Но известных партийцев, оказывается, среди жертв террора — единицы в массе обывателей, хозяйственников, далеких от борьбы за власть. Недолго пожили в квартирах кооперативного дома (цитирую запись в списке погибших): “начальник завода бетонных изделий треста “Стройканализация”, “начальник сектора движения почты Наркомата связи, управления местной промышленности Московской области”. В этом списке “технический директор Сталиногорского химического комбината”, “управляющий Госбанком Московской области”.

Где ключ к разгадке траектории, по словам Солженицына, “красного колеса”, запущенного волею диктатора Сталина? Нет ничего общего между беспартийными Рубеном Арзояном из конторы “Главтары”, воспитательницей детского сада Евгенией Воскресенской и членом ВКП(б) государственным арбитром Натаном Мером. Общей им стала братская могила в Бутове.  

Их соседа, известного в то время писателя Владимира Зазубрина, похоронили в братской могиле на земле Донского монастыря. Первый рассказ им написан в царской тюрьме. До Февральской революции по заданию партии он, рискуя головой, внедрился в число сотрудников жандармского отделения, чтобы выявлять провокаторов. В тифозном бараке во время Гражданской войны начал сочинять роман “Два мира”, признанный критиками “первым советским романом”. До ареста его переиздавали 12 раз, чему помогла высокая оценка романа таких читателей, как Ленин, Луначарский и Горький.

Написанная в 1923 году и запрещенная тогда повесть “Щепка” о зверствах губернской ЧК появилась при “перестройке”. У героя повести, исполнителя казней, помутился разум, его не пощадили товарищи-чекисты.

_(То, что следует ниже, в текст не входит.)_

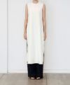 クリーンなEZUMIのロング丈トップスに、08サーカスの墨流し染めのワイドパンツ。
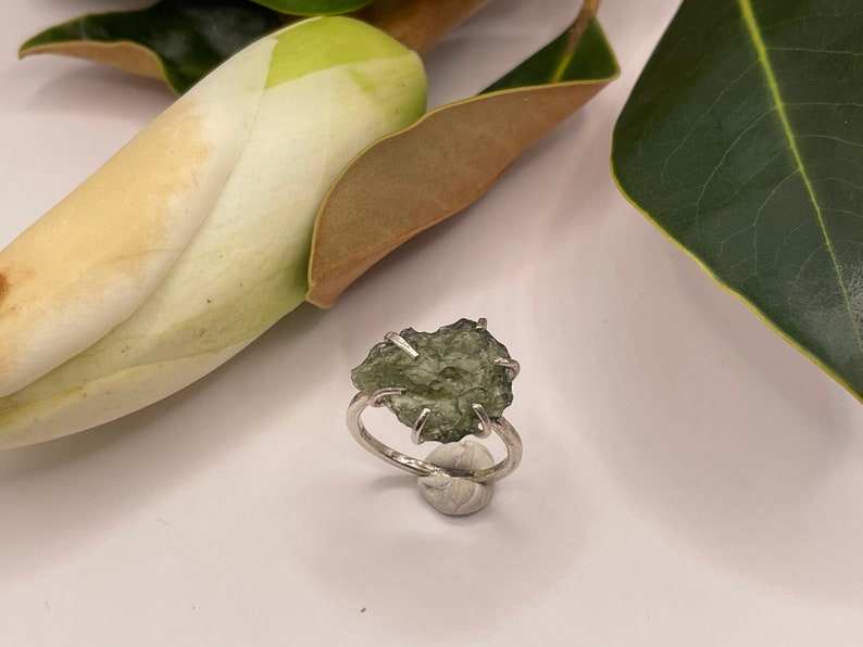 แหวนเงินแท้ทำมือประดับโมลดาวิทพร้อมพลอยธรรมชาติสำหรับผู้หญิง - ของขวัญสำหรับงานแต่งงานและสวมใส่ทุกวัน

Об этом никто до Зазубрина не писал 
Писатель не идеализировал тех, с кем брал власть в Сибири, участвовал в Гражданской войне. В рассказе “Общежитие” изобразил, по словам критиков, “зараженных духовной проказой” коммунистов. Из Новосибирска, где Зазубрин редактировал журнал “Сибирские огни”, отстраненному от власти главному редактору пришлось переехать в Москву. Сочинял по инерции трилогию о крестьянстве Горного Алтая. Успел издать первый том. Ему покровительствовал Максим Горький. А когда не стало его щита, добрались до брошенного на произвол судьбы Владимира Зазубрина, жителя дома 15 в Сивцевом Вражке.

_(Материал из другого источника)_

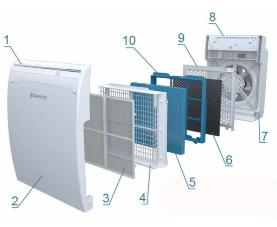 Воздухоочиститель Dantex D-AP300CF 64876464 пропускает воздух в помещении через 5 ступеней очистки.

В этом доме бывал я у “инженера Л.Корнеева”. Этими словами подписывались появлявшиеся после полета Юрия Гагарина в “Правде” статьи о легендарной Группе изучения реактивного движения, сокращенно ГИРД. Эту аббревиатуру с иронией переводили: “Группа инженеров, работающих даром”. В начале тридцатых годов в голодавшей Москве подлинных энтузиастов, бывало, лишали хлебных карточек, полагая, что занимаются они пустяками. Между тем именно эта группа инженеров и механиков запустила в 1933 году под Москвой первые советские ракеты — “О9” конструкции Михаила Тихонравова и “ГИРД-Х” конструкции Фридриха Цандера, грезившего полетами на Марс. Перед запуском обессиленного конструктора отправили, чуть ли не насильно, за казенный счет в плацкартном вагоне подлечиться в Кисловодск. Там конструктор скоропостижно скончался в санатории, заразившись в дороге брюшным тифом. 

Его бывший помощник Леонид Константинович Корнеев назвал мне имена инженеров ГИРДа — секретной организации, существовавшей под эгидой Общества содействия авиации и химии. Но не открыл, кто был начальником ГИРДа. Он, очевидно, полагал, что не разглашает государственную тайну, хранит большой секрет, хотя его на самом деле не было. Потому что перебежавший из советской зоны оккупации Германии на Запад высокопоставленный авиационный начальник все рассказал американцам. Да и они из давних публикаций в СССР, когда ракетостроение не считалось секретом, знали фамилии пионеров космонавтики.

С инженером на редакционной “Волге” мы проехали из Сивцева Вражка на Садовую-Спасскую, 19. Там, в глубине двора, нашли в одном из жилых домов просторный подвал, где ремонтировали радиоприемники. В нем создавали и “О9”, и “ГИРД-Х”. 

  
Познакомился я тогда с механиком Борисом Флоровым, которому начальник ГИРД обещал полет на Марс. От него узнал о неком “Сергее Павловиче”, увидел его на фотографии в компании с механиком, сидящими на траве в хорошем расположении духа. Флоров на мотоцикле в морозный день повез меня в Нахабино под Москвой.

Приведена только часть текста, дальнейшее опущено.